But it has also charted a path that is independent from, if parallel to, al-Qaeda. This derives from Indonesia's Darul Islam organisation, which through armed rebellion attempted to establish an Indonesian Islamic state in the 1950s.

The legacy of Darul Islam lives on in Jemaah Islamiah, as well as a number of other jihadist organisations in Indonesia. These are grouped together under the Islamist umbrella organisation Indonesian Mujahideen Council, established in 2000 by Abu Bakar Bashir, who also inherited the position of Jemaah Islamiah's amir (commander or leader).

It is the explicit intention of the Mujahideen Council to turn the country into an Islamic state. The distinction within this organisation is between those whose methods are more limited, and those who regard terrorism against non-believers as acceptable, or even desirable.

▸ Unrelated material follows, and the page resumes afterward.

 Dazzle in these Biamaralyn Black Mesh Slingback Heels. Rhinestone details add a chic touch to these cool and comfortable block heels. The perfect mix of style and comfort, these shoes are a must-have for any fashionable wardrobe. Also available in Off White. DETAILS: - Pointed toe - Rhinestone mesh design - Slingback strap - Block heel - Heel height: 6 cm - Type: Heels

Terrorism is usually understood as having two purposes. The first is to compel the target of the attack to comply with the wishes of the attacker. In this, Jemaah Islamiah and its associates want to purge Indonesia of Western and other non-Islamic influences. Bali is a good place to start, being a haven for Western tourists, and having a Hindu population. A second purpose is to increase state repression, thereby forcing sympathisers into the arms of the terrorists and their more radical agenda. This is exacerbated within Islam by the requirement for Muslims to defend other Muslims in the face of what is claimed as religious persecution.

This second purpose appears to be the stronger reason for the continued attacks, as it has a deeper and longer lasting impact within Indonesia itself.

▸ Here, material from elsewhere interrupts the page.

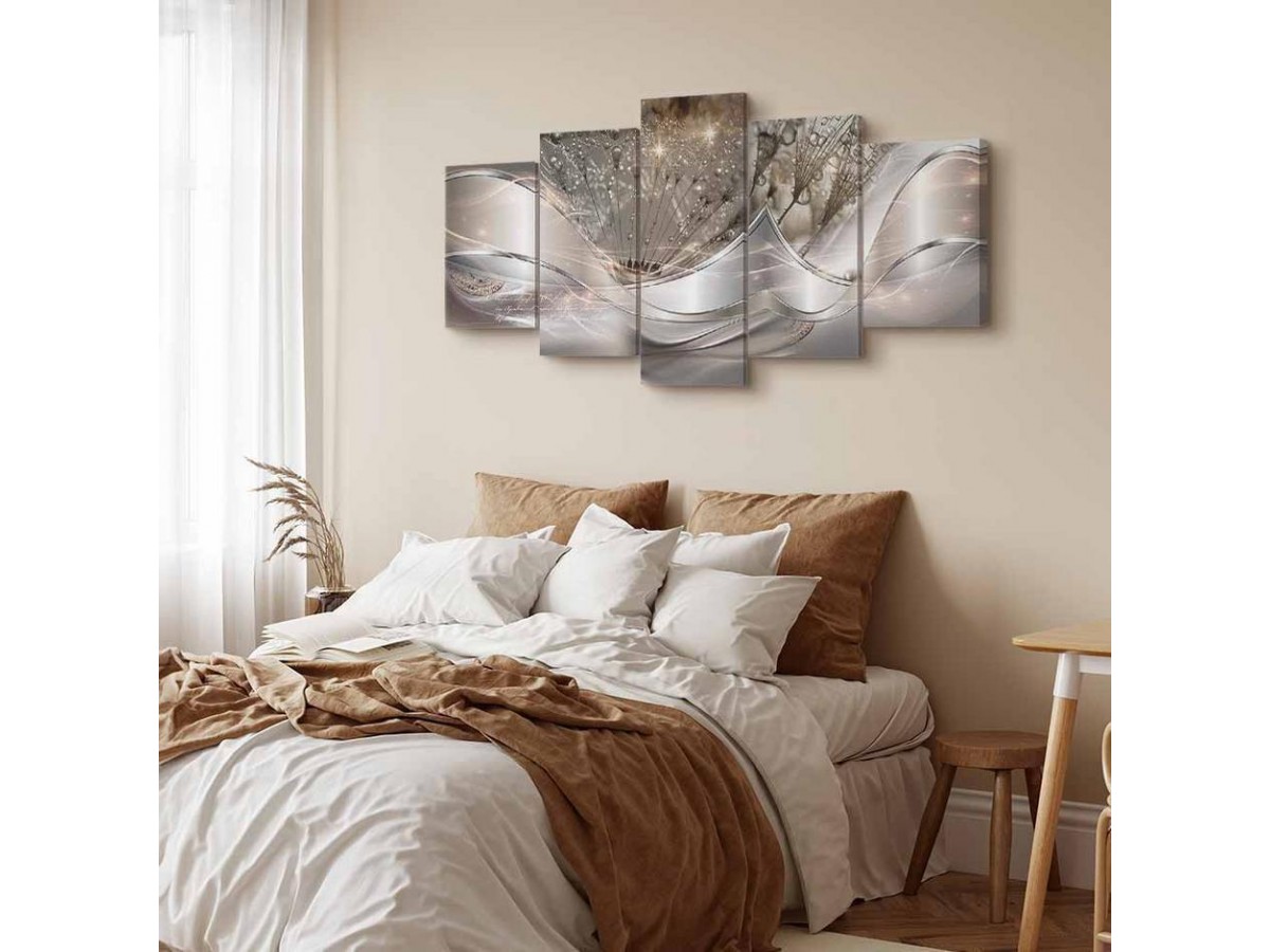 Les tableaux disponibles dans notre offre sont créés à l’aide de l'impression numérique sur toile de la plus haute qualité pour embellir votre intérieur. L’impression numérique sur toile sous la forme d’un tableau unit la tradition de la peinture sur toile avec la technologie moderne. Un effet final de ce mariage est le tableau moderne "Tableau - Sparkling Dandelions (5 Parts) Beige Wide" qui peut s’accorder parfaitement avec le style de votre pièce. Les tableaux complètent la décoration de chaque intérieur et lui donnent du caractère. La décoration murale sous la forme des tableaux constitue la dernière touche dans la décoration d’intérieur. Les tableaux déco complètent la décoration de chaque espace et la rendent plus accueillante. Souvent, ils constituent une touche personnelle dans l’intérieur, en reflétant la personnalité et le goût des habitants. Les tableaux déco que nous vous proposons dans notre offre sont des impressions numériques de la plus haute qualité réalisées sur toile. Cette technique de réalisation permet d’obtenir une image possédant une richesse de détails dont les couleurs sont vives et très fraîches. Un tableau moderne s’accorde parfaitement à des intérieurs aménagés dans le style moderne, mais aussi dans le style minimaliste et dans le style zen.

The split within Jemaah Islamiah over its bombing strategy, and the loss of members to arrest, means it has been unable to work alone. It has thus tapped in to the Mujahideen Council for practical support, in particular to members of the remnant Darul Islam movement, which provided the suicide bomber for the Australian embassy attack. In this, the intention of forcing sympathisers into the arms of Jemaah Islamiah's harder faction is succeeding.

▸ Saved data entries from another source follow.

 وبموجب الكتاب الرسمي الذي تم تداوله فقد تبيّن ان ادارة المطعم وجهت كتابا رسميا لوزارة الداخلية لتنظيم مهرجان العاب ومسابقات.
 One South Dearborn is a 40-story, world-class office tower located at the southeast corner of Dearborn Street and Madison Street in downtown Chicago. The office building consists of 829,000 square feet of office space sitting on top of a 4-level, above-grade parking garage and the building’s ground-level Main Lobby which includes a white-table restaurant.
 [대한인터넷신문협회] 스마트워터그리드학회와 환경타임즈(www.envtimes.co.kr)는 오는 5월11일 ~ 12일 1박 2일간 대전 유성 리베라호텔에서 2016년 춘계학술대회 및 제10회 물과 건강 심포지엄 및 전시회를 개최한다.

The latest Bali attacks bear the hallmarks of Jemaah Islamiah, but probably again included the assistance of Darul Islam or other Mujahideen Council members.

In response to the bombings, the Indonesian Government will again crack down on Islamic terrorists,

but this will also have the effect of sharpening the divide between those who favour an Islamic state and those who do not, pushing many Islamists further towards the terrorists.

In particular, longstanding calls for the Indonesian Government to declare Jemaah Islamiah a terrorist organisation and proscribe it will polarise many Muslims, probably increase its active support base and provide potential new recruits. Not acting against Jemaah Islamiah, however, will show that it is winning.

Either way, jihadist Islam in Indonesia will remain and may strengthen. That Balinese, Westerners generally and Australians in particular are victims of this militant agenda locates them as suitable collateral damage in a more focused Jemaah Islamiah strategy.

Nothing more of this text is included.